The New York School, In Someone Else’s Words
Every poet wants to be a genius. But the New York School often wanted to be geniuses by not being poets—or by not being any one poet you could staple genius too. Dada and pop art in the visual arts introduced the idea of appropriation or copying as an artistic act or gesture; the genius of Duchamp wasn’t in painting skill, but in recognizing that a urinal could be art; Lichtenstein’s genius was in reproducing comic panels rather than originality. The artist becomes a nexus of appreciation and arrangement rather than the initiating spirit. Genius is in insisting that whatever one does is genius, a tautology that empties genius out and makes it all the more snooty and impregnable.
In this series of essays on the New York School at Splice Today, I’ve discussed Kenneth Koch’s offhand desecrations of William Carlos Williams’ “This Is Just To Say,” and Frank O’Hara’s offhand riff on the headline “Lana Turner has collapsed!” I’ve also mentioned John Ashbery’s “The Dong With the Luminous Nose,” a poem which appropriates and collages lines from other famous poems and presents them, ostentatiously, as Ashbery’s own. And there’s Ashbery poems like “Europe,” which is partially composed of words, phrases, and a whole paragraph from William Le Queux’s Beryl of the Biplane, a 1917 adventure/romance novel about a dashing female airplane pilot.
I had come across
to the railway from the Great North
Road, which I had followed up to London.
—is but one example of Le Queux’s transformation into Ashbery immortality.
The ultimate New York School example of this kind of deliberately anti-genius uncreative writing is probably Peter Gizzi’s “Ode: Salute to the New York School, 1950-1970.” The poem is a cento—originally a Latin form in which authors would create a poem entirely from the lines of other poems.
Gizzi’s cento, like the classical form, is a hundred lines, each taken in this case from works by New York School poets, famous and less so, in print or out. An index at the conclusion provides a list of sources, from Ashbery to Ted Berrigan, Ron Padgett, Clark Collidge, Aram Saroyan, Bernadette Mayer, Anne Waldman, and on and on.
The poem is arranged alphabetically, so after Gizzi chooses lines, their juxtaposition is purely mechanical. You can read the poem as a kind of curatorial appreciation of individual utterances, or as a deliberately random meaning-making confluence.
I bit my lip as he scraped my semen off the floor
I’d give a bunch of bananas for a sniff of your behind, oh yes!
Those are two silly lines separately (by Tom Veitch and Tom Clark.) But put them together and they become a bizarre erotic dialogue, as Gizzi gets the two Toms to speak one to another of their forbidden desires for floors, bananas, lips and behinds, oh yes. The sexual frisson is fun because its stochastic, unexpected, transgressive; they didn’t know they were saying such things, nor to who, and yet now they’re entangled.
Another example:
Fond memories of childhood, and the pleasant orange trolleys
For the first time in many years Kafka’s mother enters the room to kiss him good night
Kenneth Koch’s semi-confessional childhood reminiscence in the first line turns into a scene in Kafka’s early life in the second (by Ron Padgett). Personal memory gets shuffled off to someone else’s consciousness, so you have to ask whose head are we in: Koch’s? Padgett’s? Gizzi’s? Kafka’s? Whose trolley did we get on, and whose dream are we riding?

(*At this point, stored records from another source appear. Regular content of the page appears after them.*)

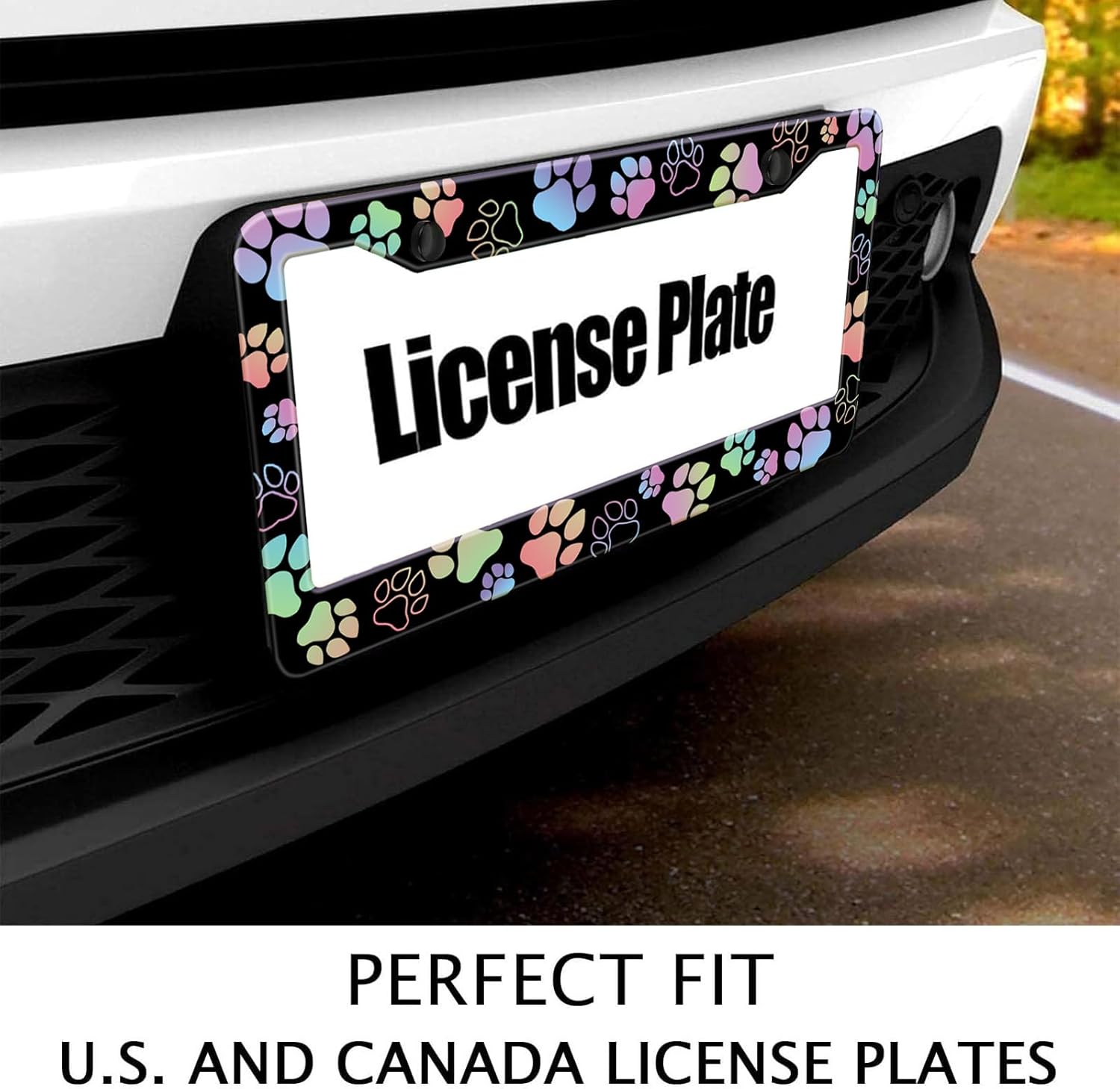 Dog Paw Car License Plate Frames, Colorful Pet Paw Printed License Plate Holder Cover, Metal Aluminum Rustproof Car Accessories for US Canada Standard Women Men 2 Holes with Screw Caps
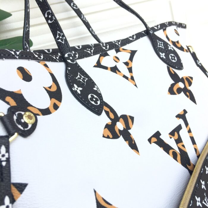 - Louis Vuitton’s signature Neverfull gets a wild new twist with a giant animal print Monogram in a reversible ivory and havana beige Coated Canvas
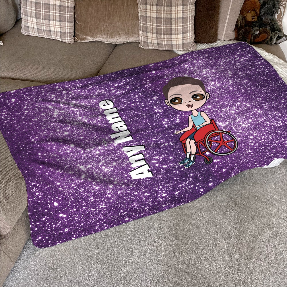 Jnr Boys Wheelchair Portrait Purple Glitter Effect Fleece Blanket
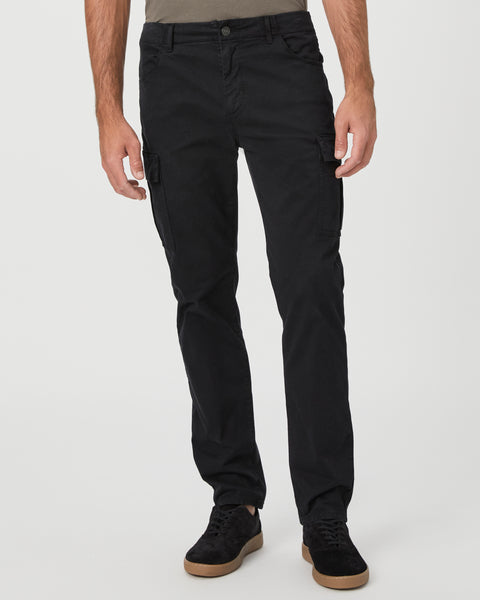 Introducing the Ronin Cargo Pant from Paige. Made with soft, stretch sateen fabric, these fitted and tapered pants offer both comfort and style. Garment dyed in black, they feature cargo pockets for added utility. Rock the ultimate off-duty look with this refined silhouette.
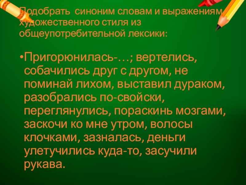 Слайд 12Подобрать синоним словам и выражениям художественного стиля из общеупотребительной лексики:
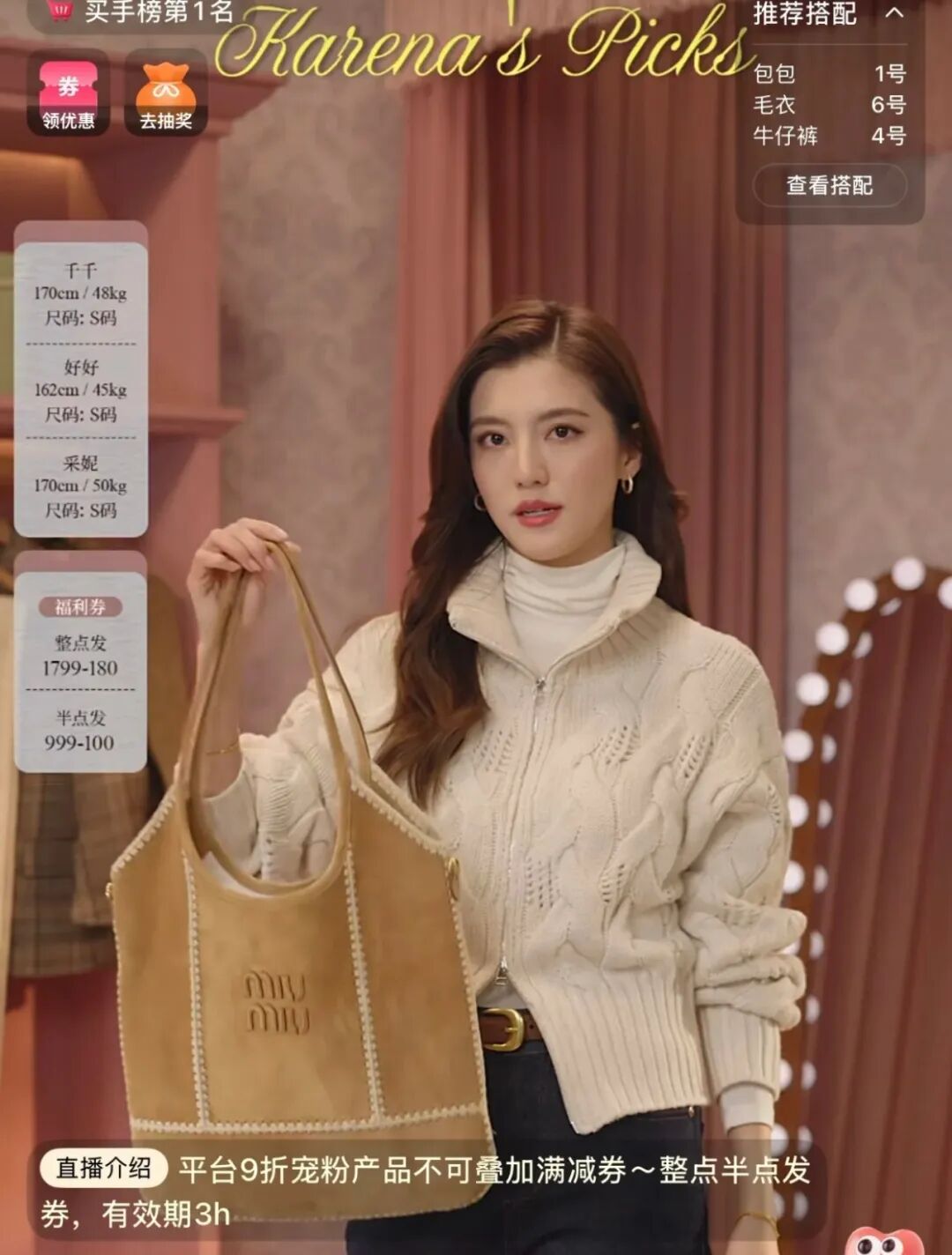 董洁的风格与传统直播截然不同:全程轻声慢语、娓娓道来,少用吆喝和低价促销。她精心布置直播间环境并邀请亲友互动,将好物分享包装成“闺蜜式生活分享”,精准契合 25–35 岁女性用户的审美诉求。高价小众品牌的销售则让人看到平台用户的购买力:52xx 元的开衫、4xxx 元的名牌鞋屡屡售罄。
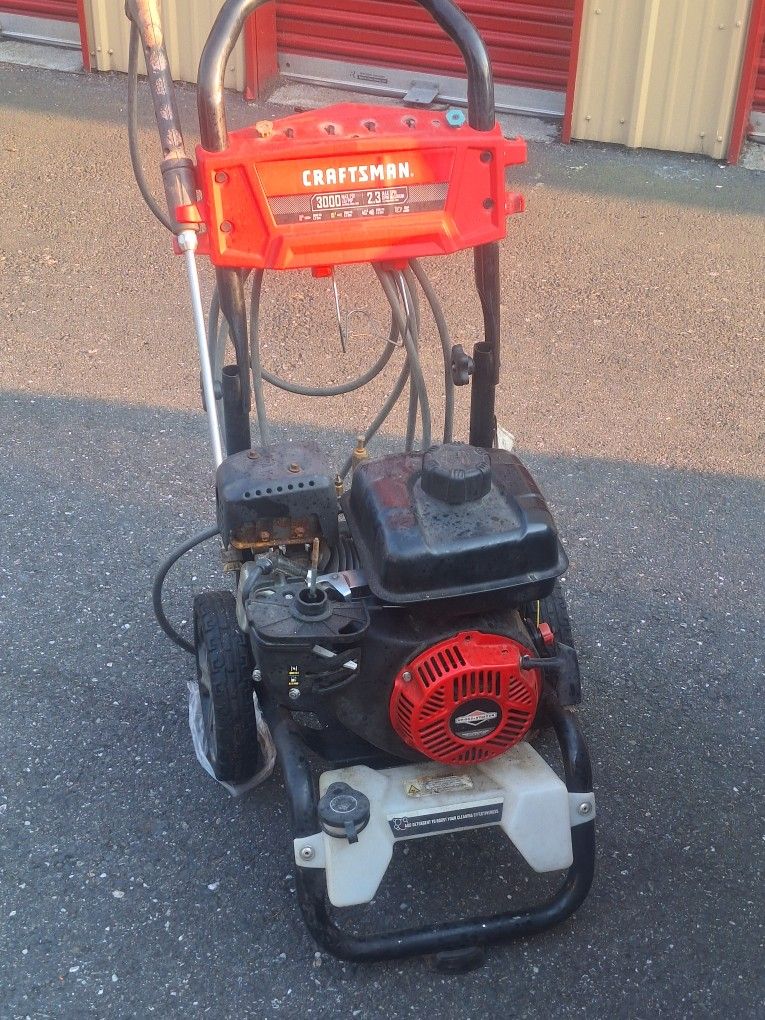 Pressure washer 3000psi . Briggs Stratton engine runs great works great. Missing air filter cover. Sells around $350 new asking less than half of that at $125.
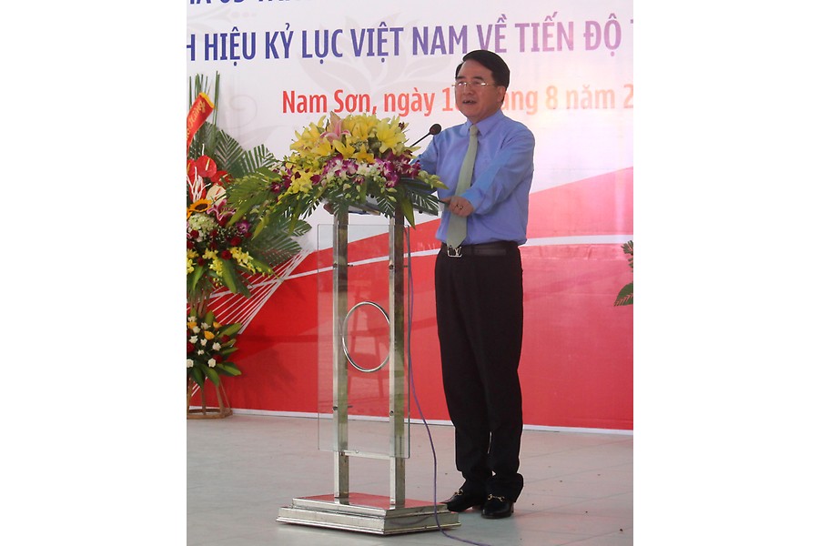 Phát biểu tại buổi lễ, thay mặt lãnh đạo thành phố, đồng chí Phó chủ tịch UBND thành phố Lê Khắc Nam ghi nhận và cám ơn doanh nghiệp Sơn Trường có nhiều đóng góp đối với thành phố, hỗ trợ kinh phí thành phố xây dựng nhiều công trình phúc lợi, trong đó có dãy nhà 3 tầng Trường tiểu học Nam Sơn. Đồng chí Phó chủ tịch UBND thành phố giao Sở Xây dựng, Sở Giáo dục- Đào tạo, huyện An Dương khẩn trương làm thủ tục kiểm định bảo đảm an toàn mới đưa công trình vào sử dụng. Đồng chí cũng đề nghị gắn biển công trình để ghi nhận sự đóng góp của doanh nghiệp đối với địa phương.
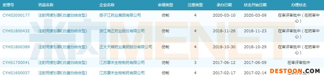 注射用紫杉醇(白蛋白結(jié)合型)上市申請在審評企業(yè)
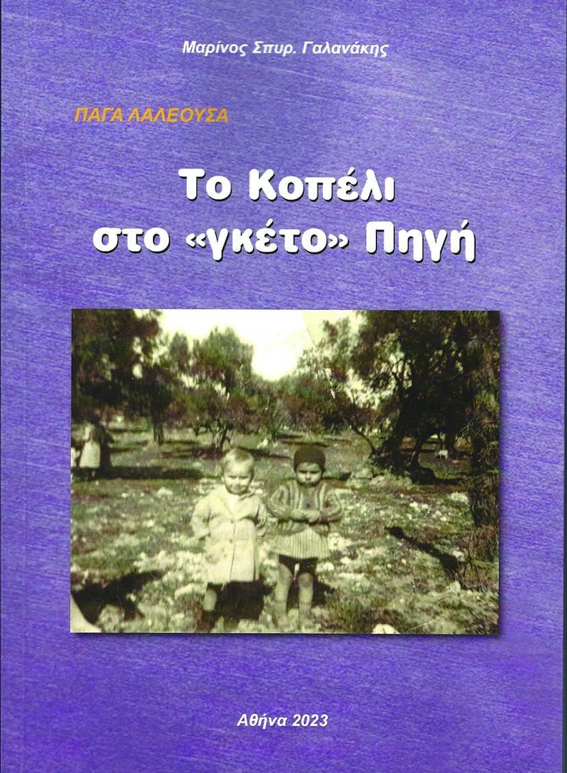 Γενικά ο Μαρίνος Σπυρ. Γαλανάκης, αναφέρεται στο βιβλίο αυτό στα γεγονότα που συνέβησαν, όταν ήταν παιδί στον ευρύτερο χώρο τηςΠηγής, και διαμόρφωσαν τον χαρακτήρα του ή επέδρασαν θετικά ή αρνητικά στην υγεία,τη σωματική και πνευματική ανάπτυξή του, μέχρι την ένταξή του στην κοινωνία. Μαρτυρίες σημαντικές είναι οι φωτογραφίες, κυρίως οι οικογενειακές, φιλικές, τοπικές και προσωπικές, καθώς και οι προερχόμενες από το διαδίκτυο. Κοινωνικά γεγονότα, επίσης, που συνέβησαν στην Πηγή αυτήν την περίοδο εμπλουτίζουν το βιβλίο και απαντούν σε απορίες που εκφράζονται από τους αναγνώστες του. Τα βιώματα του Μαρίνου Σπυρ. Γαλανάκη είναι τόσο έντονα όσο και οι εικόνες που περιγράφει στην περιοχή του χωριού του, την Πηγή, στο «γκέτο» της, που έζησε ως μικρό παιδί, κοπέλι, εκείνα τα δύσκολα χρόνια.
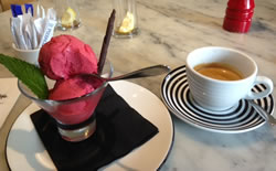 I treated myself to an Oddono's raspberry sorbet with chocolate 'straw' & fresh mint - less than 100 calories if you have the mini version of one ball, but I mistakenly ordered the full size (still under 200 calories!) accompanied by a double espresso.
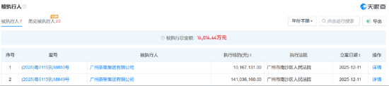与此同时,2025年12月,广州茶里集团有限公司在多宗新增的执行案件中成为被执行人,其中一宗案件中执行标的金额多达1.41亿元。同样在去年,多家茶里关联公司已经成为失信被执行人,茶里创始人谭琼也被限制高消费。
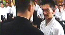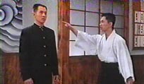 | 1994年製作。 本編開始 17分あたりに登場。 虹口道場に突然訪れた李連杰(リー・リンチェイ)に、「オイ!待て! 外に靴脱いで、出直して来い!」 と怒鳴りつける。(左) 師範の忠告に従わないリンチェイを、「貴様ァ〜」と睨みつける。(中央) 怒ったリンチェイに突きを入れられ、ナイスな演技でリアクション!(右) 補足: 道場生の役で「角刈り」にされる。李連杰(リー・リンチェイ)は寸止め無しなので、演技の必要はなかった。 |
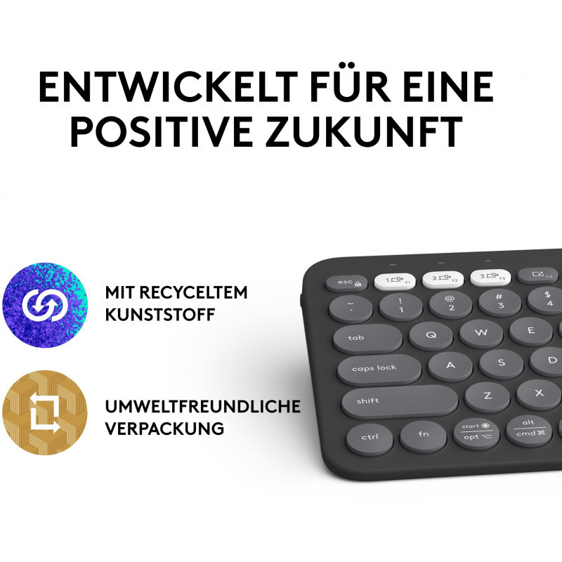 "Logitech Pebble Keys 2 K380s. Keyboard form factor: Mini. Keyboard style: Straight. Connectivity technology: Wireless, Device interface: Bluetooth, Keyboard key switch: Scissor key switch, Keyboard layout: QWERTZ, Recommended usage: Universal. Product colour: Graphite"\n
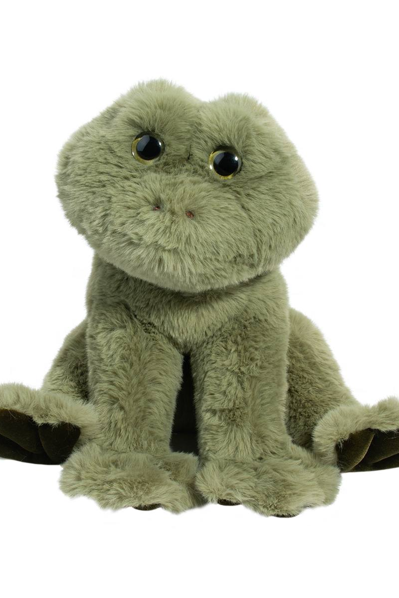 Loaded with whimsy, Finnie the Soft Frog stuffed animal has left behind his home in the marsh to become your new best friend! The sage green plush materials we’ve selected for him will both soothe and delight. Finnie features a floppy body style that will hold up to a lifetime of cuddly adventures thanks to a combination of interior beans and resilient polyester fill. His four flippered feet are finished with dark, velvet textured material on their undersides, while his facial details include stitched accents and a pair of inquisitive eyes that shine with a glittery yellow sparkle. Take in this playful amphibian as your companion and Finnie the plush Frog will have you hopping with joy!
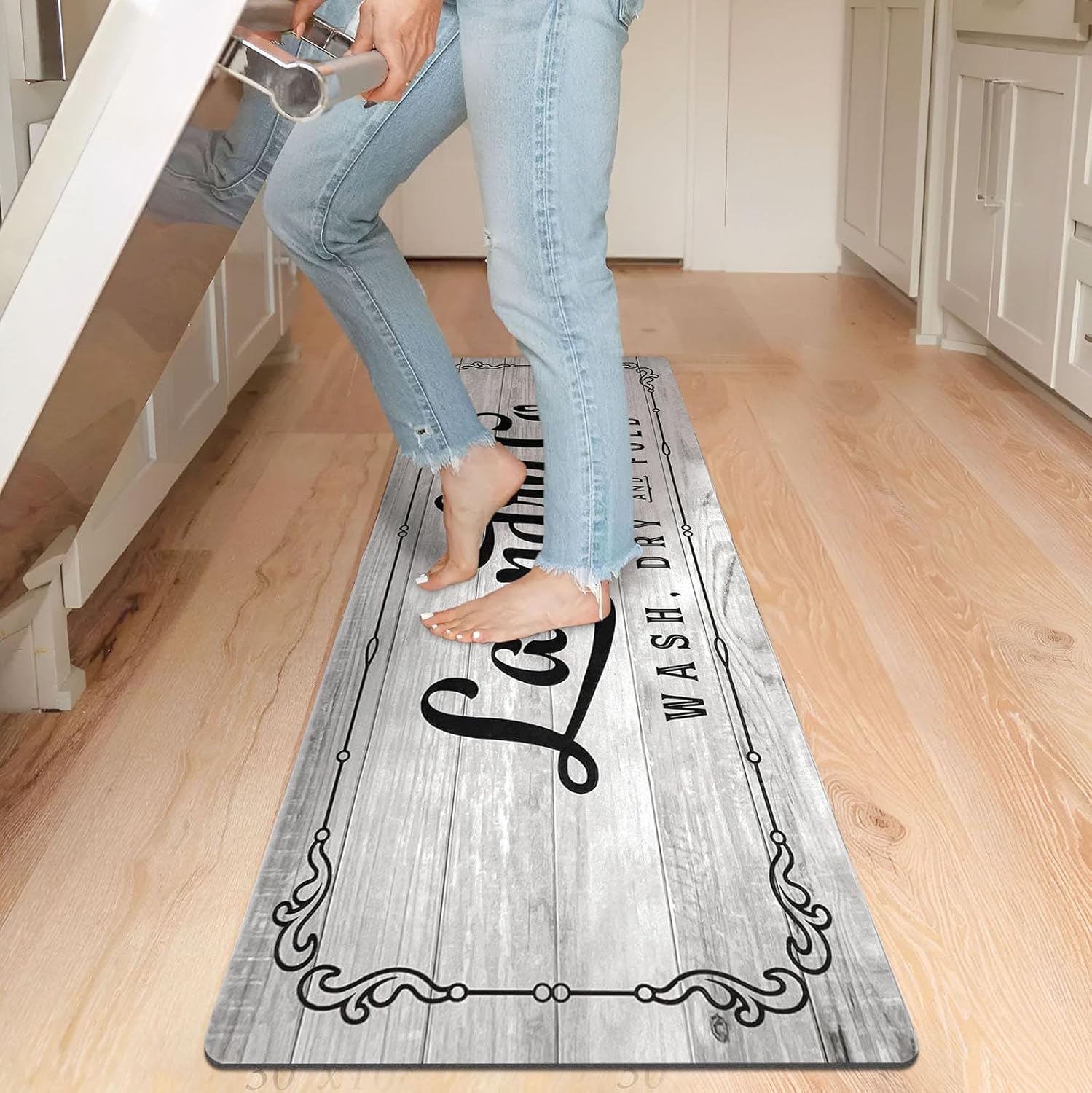 Anti-Fatigue Laundry Rug: The laundry room mats feature with flocking finish & dense rubber foam backing. The soft flocking finish makes you feel comfortable under foot, and the rubber foam has a nice cushion, comfortable to stand on
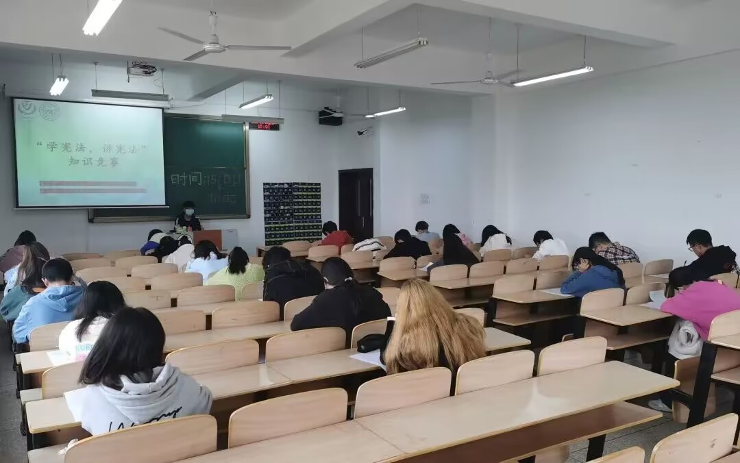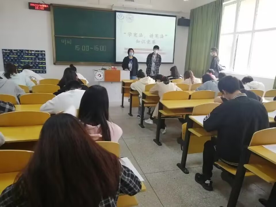 各班级在早自习教室开展“学宪法,讲宪法”知识竞赛第一轮选拔,比赛是以抢答的形式进行的。

Gizzi, speaking for and as and through the New York School, is scattering single consciousness and genius into scandalous sexiness and indeterminate identity. The effect is (in part), camp, and that’s (in part) related to the queerness of many (though not all) of the New York school poet. The poem uses assertion of self as a disavowal of self, and the deliberate/accidental careening wink of innuendo replicates the dynamics of the closet, with its open secrets and discreetly/not discreetly signaling. Sexuality is fluid and opaque, not least because you don’t know who wrote which words, necessarily, and because who desires what and who changes from line to line.
The New York School’s embrace of collage, appropriation, and collaboration also remakes or rethinks the idea of poetic genius. Gizzi’s cento is an appreciation and celebration of the brilliance of his peers. But it treats that brilliance as a collective endeavor—one created en masse, and open to re-mixings and amendment. Gizzi’s a bibliographer honoring his forebearers, a peer working with his peers, and shamelessly stealing other people’s words and ideas.
Rather than seeing poetry as a lonely agonistic struggle against the dead weight of the past (per Harold Bloom), poetry here—and in much New York School writing— is a game that anyone can pick up, reshuffle, and claim as their own. Or as Gizzi concludes in lines from Ron Padgett and Barbara Guest, carefully selected and fertilized:
You select something small like a pimple and quick as a wink that’s all there is
You think of your art which has become important like a plow on the flat land
The trivial is there to find and pick up; the art is there to turn over. Grow your own thing, especially if your own thing is someone else’s genius.